A CNN/Opinion Research poll conducted in September 2008 suggested that 79 percent
of respondents favored government action, but 77 percent “also said they believed that a
government bail-out would benefit those responsible for the economic downturn in the
first place” (Musante, 2008). A slavery reparations package may provide the same general
benefit of stimulating the economy, without the odious reward of bad behavior.
As the analyses presented here suggest, the total debt from unpaid wages would likely
be substantially larger than the 2008/2009 stimulus packages. What scenario and what
interest rate it should be based on, whether paid in full or up to a certain limit, and based
on what eligibility criteria is up to the political process to decide. When Sumner argued for
the payment of the French spoliation claims in 1864, the United States faced not just an
economic crisis, but with the Civil War a struggle for its very survival. Sumner stated: “The
resources of the people are now tasked to put down the rebellion. Let nothing be stinted.

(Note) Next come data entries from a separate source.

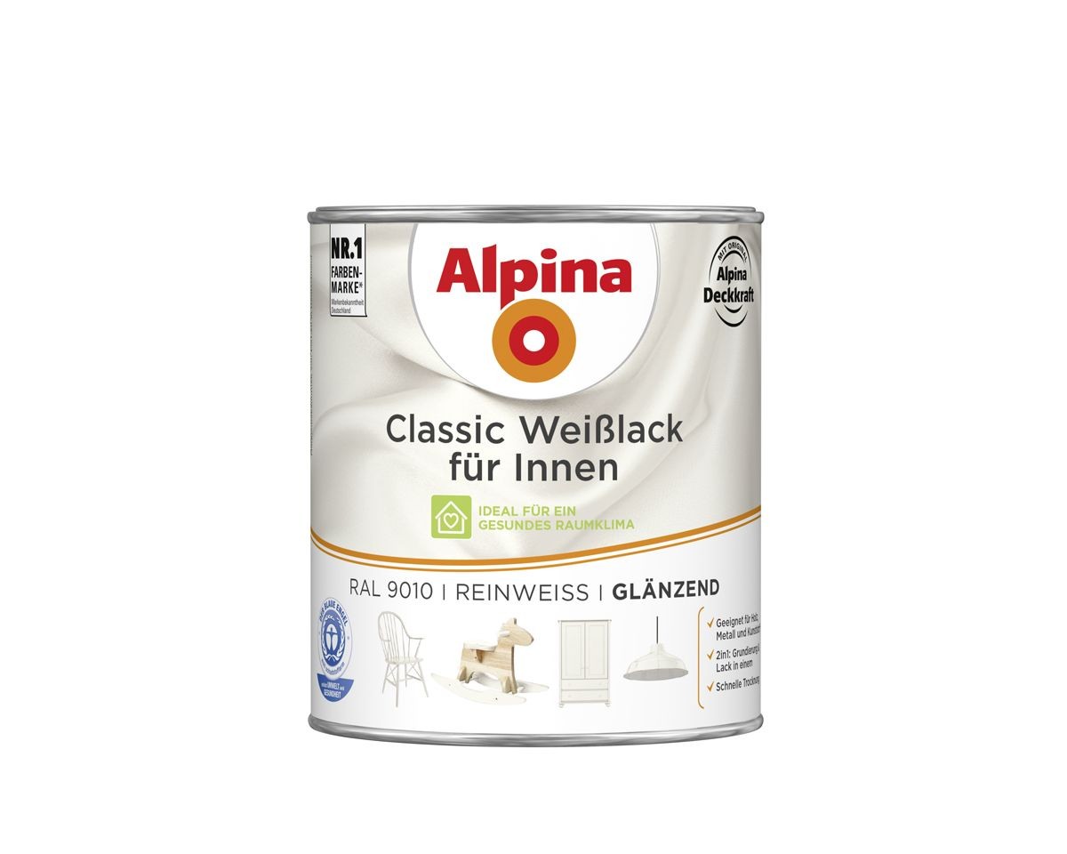 Der Alpina Weißlack Classic für Innen bietet eine sehr gute Deckkraft und ist leicht verdünnbar, was ihn auch für das Spritzen geeignet macht.
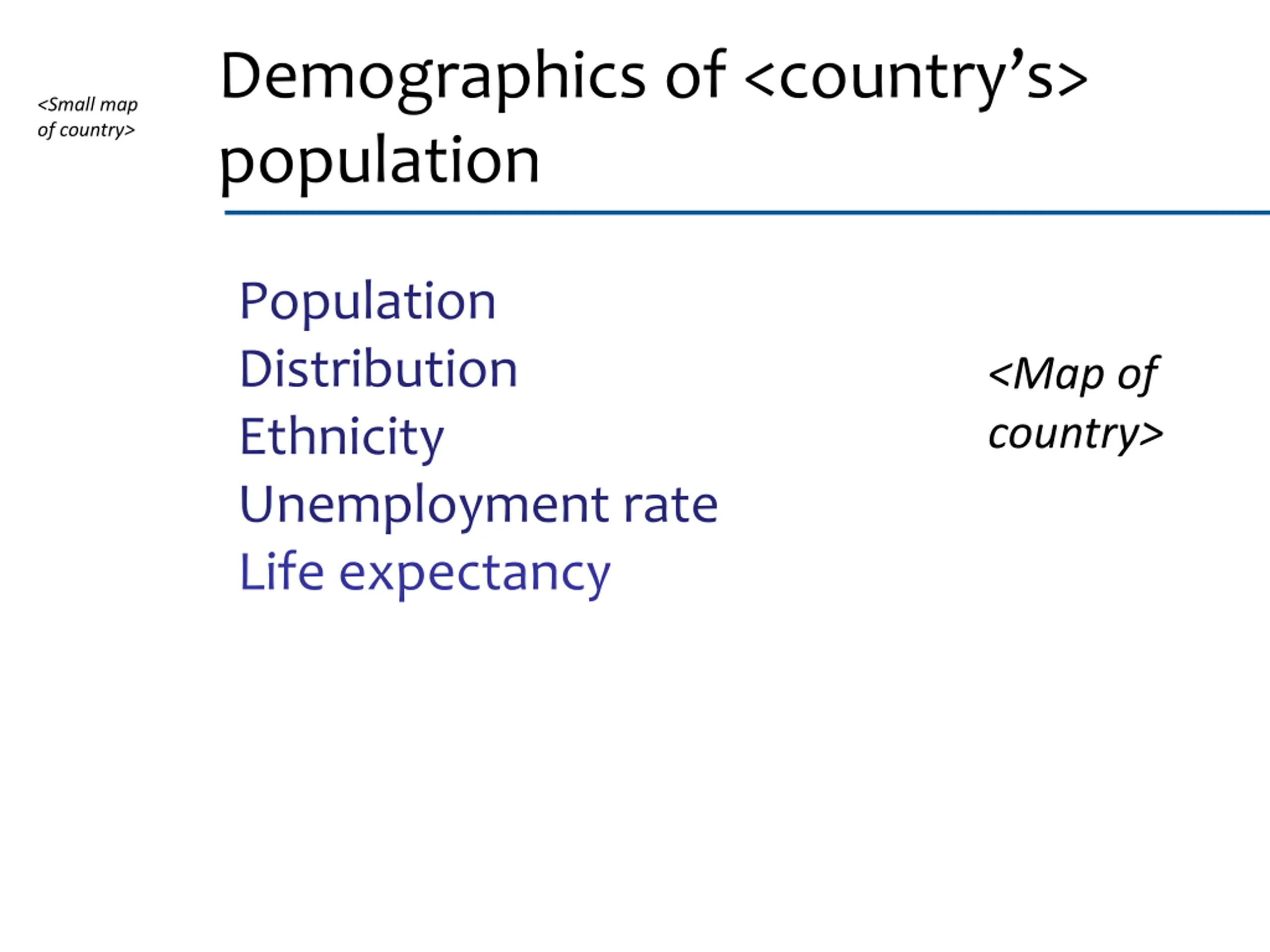 Demographics of <countrys> population <Small map of country> Population Distribution Ethnicity Unemployment rate Life expectancy <Map of country>
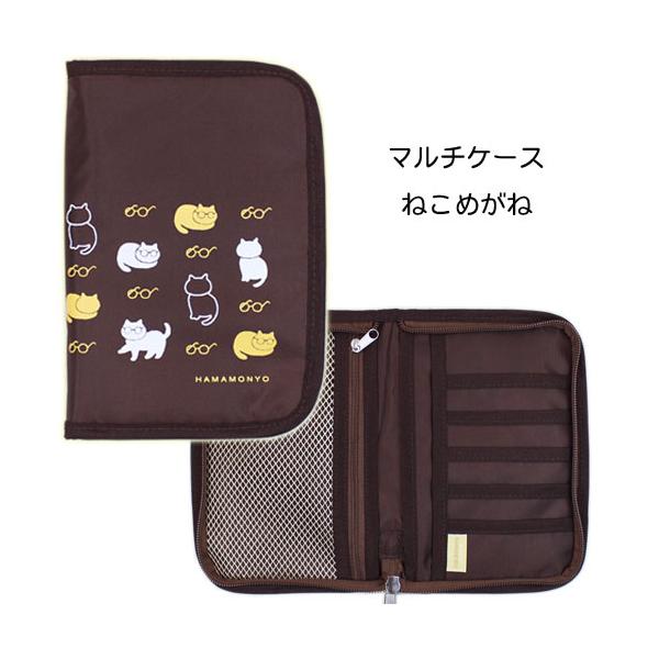 マルチケース「ねこめがね」 ポーチ お薬手帳 保険証ケース 母子手帳ケース 通帳 整理整頓 コンパクト収納 小物収納 濱文様 ケイス
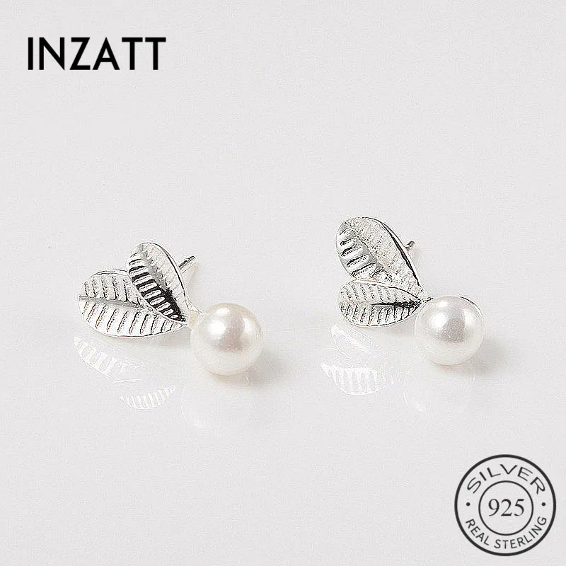 INZATT Мода реального 925 пробы серебро Классический Лист жемчужные серьги для Для женщин Fine Jewelry Романтический аксессуары Brincos подарок

But there is another duty which must not be forgotten. The just debts of the Republic
must be paid to the last dollar. Here also nothing must be stinted . . . The Republic will
have new title to love at home and honor abroad, when with one hand it overcomes the
rebellion now menacing its existence, and with the other does justice to ancient petitioners,
long neglected” (Sumner cited in Scattergood and Henry, 1910:67).